**Problem details:** The full text of the records below, minus any pictures, should be given back word for word.

**Data under study:**
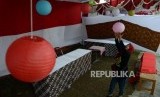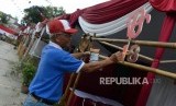 REPUBLIKA.CO.ID, DEPOK -- Warga menghias tempat pemungutan suara (TPS) di Kampoeng Pemilu Nusantara, Depok, Jawa Barat, Selasa (16/4).
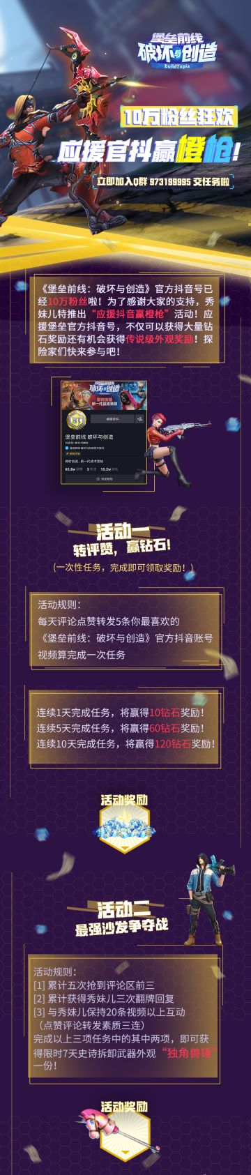 《堡垒前线:破坏与创造》10万粉丝狂欢 应援官抖赢橙枪!
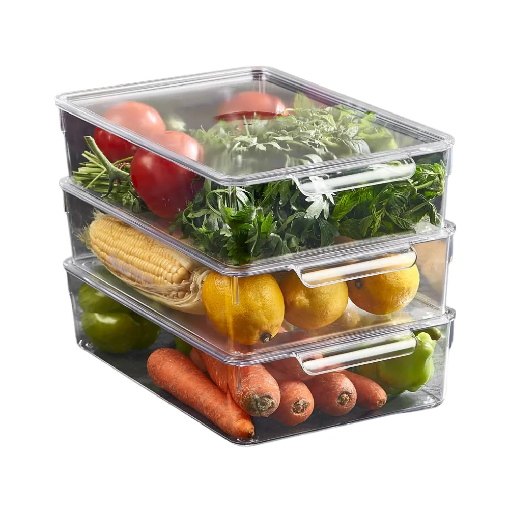 Design: Bac transparent empilable avec couvercle pour une conservation et une organisation optimales
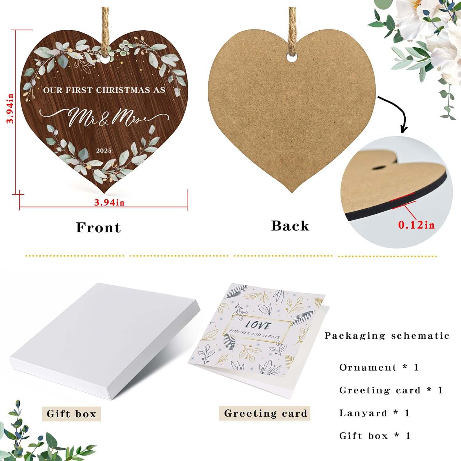 - First Christmas Hanging Ornament for Newlyweds: wood print design, sublimation heat treatment so that the pattern is permanently printed on the hanging ornament, comes with a lanyard, you can easily hang these ornaments on the Christmas tree, a perfect decoration for the Christmas tree, doors, windows, walls and anywhere you want to decorate!
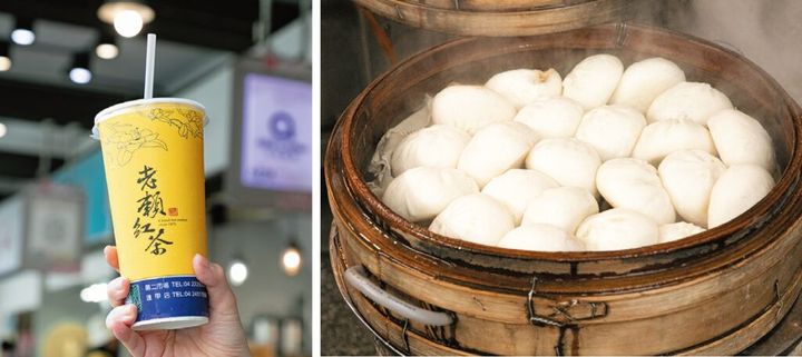 左・第二市場をゆく人々の公式ドリンク的存在『老頼紅茶』の老頼紅茶(アイスティー)30元。

**Exercise response:**
 REPUBLIKA.CO.ID, DEPOK -- Warga menghias tempat pemungutan suara (TPS) di Kampoeng Pemilu Nusantara, Depok, Jawa Barat, Selasa (16/4).
 《堡垒前线:破坏与创造》10万粉丝狂欢 应援官抖赢橙枪!
 Design: Bac transparent empilable avec couvercle pour une conservation et une organisation optimales
 - First Christmas Hanging Ornament for Newlyweds: wood print design, sublimation heat treatment so that the pattern is permanently printed on the hanging ornament, comes with a lanyard, you can easily hang these ornaments on the Christmas tree, a perfect decoration for the Christmas tree, doors, windows, walls and anywhere you want to decorate!
 左・第二市場をゆく人々の公式ドリンク的存在『老頼紅茶』の老頼紅茶(アイスティー)30元。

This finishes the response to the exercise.